Em apenas dois anos, Portugal sofreu a mais profunda mudança da sua história, não só do sistema político mas também das concepções, estruturas e relações sociais e económicas. E no centro dessa mudança estiveram sempre os militares de Abril e as suas competências de resolução de problemas complexos, de pensamento crítico, de criatividade, de gestão de equipas e de coordenação com outros. As mesmas competências que hoje o Fórum Económico Mundial considera como as mais determinantes para o sucesso dos jovens no mercado de trabalho em 2020!
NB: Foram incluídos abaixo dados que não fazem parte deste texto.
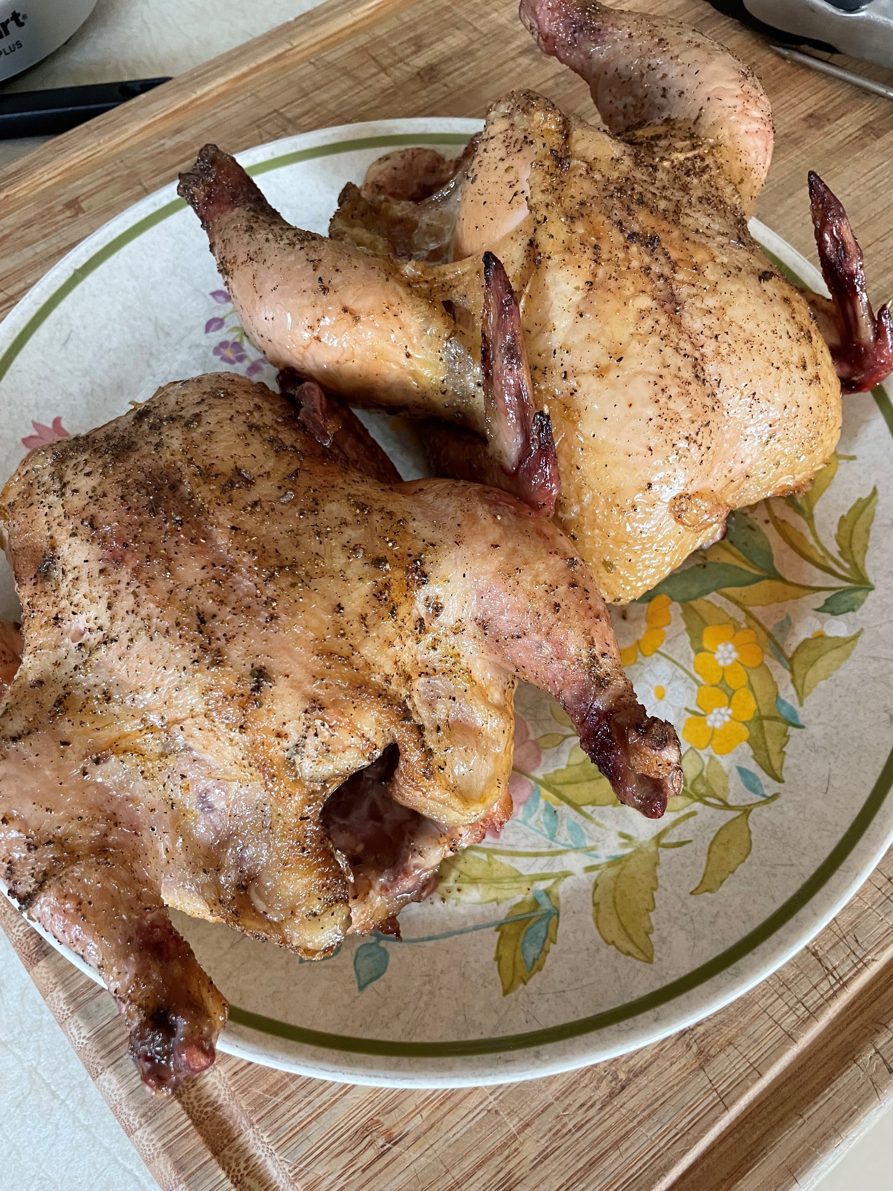 Notes: I’m using a pellet smoker (Traeger). This is so simple to do. If the hens are chilled when you place into the smoker, it’s going to take longer. I did this with two hens. If there are more in the smoker, it’s going to take longer.

É por isso que falar de ABRIL HOJE é uma lição para os jovens e um desafio para que, tal como os jovens militares de Abril, sejam capazes de fazer algo de novo de acordo com a sua consciência, mesmo correndo riscos. E quando os jovens estudam e debatem os problemas que os afectam como o fizeram os alunos da Escola de Carcavelos, num exercício de cidadania e construção de uma sociedade mais justa, tenho confiança no futuro. Tenho confiança que serão verdadeiros empreendedores, não no sentido individualista do conceito, mas de acordo com os valores da liberdade, da solidariedade, da inclusão dos mais desfavorecidos, do progresso social. Tenho confiança que serão capazes de resistir aos instrumentos de submissão, por mais sedutores que se apresentem, e, inspirados pelas palavras de Vergílio Ferreira, digam NÃO ao que os limita e degrada e construam o SIM da sua Dignidade.
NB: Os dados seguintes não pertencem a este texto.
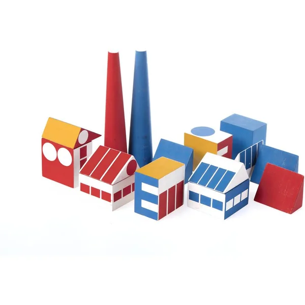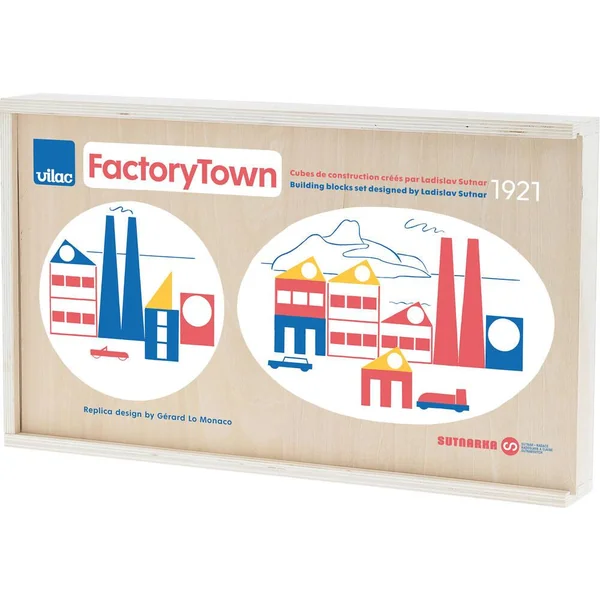 Tchécoslovaque né en 1897 à Pilsen et mort en 1976 à New York, Ladislav Sutnar est un pionner du design graphique et partage avec ses contemporains du mouvement artistique Bauhaus le goût des couleurs vives et des formes géométriques simples. Concepteur de jeux, il crée en 1921 la « Factory Town », un jeu de cubes pédagogique très épuré que Vilac réédite 100 ans après en collaboration avec l’artiste Gérard Lo Monaco et la Ladislav Sutnar Faculty of Art and Design. 3 exemplaires uniques sont encore existants dans le monde dont un exposé au MoMa de NY.

P. S. — Uma palavra para os professores da Escola Básica e Secundária de Carcavelos que se empenharam no projecto “ABRIL HOJE.” Estou-lhes muito grato. Não vou citar os seus nomes mas ficaram gravados na minha memória. Sabem como sou orgulhoso e preocupado com os meus oito netos. O vosso exemplo e o de tantos outros professores que tenho conhecido nas conversas sobre o 25 de Abril em escolas dos concelhos de Oeiras, Cascais e Amadora, fazem-me acreditar que a escola pública é, apesar de todas as dificuldades, o lugar certo para os meus netos prepararem o futuro. Bem hajam!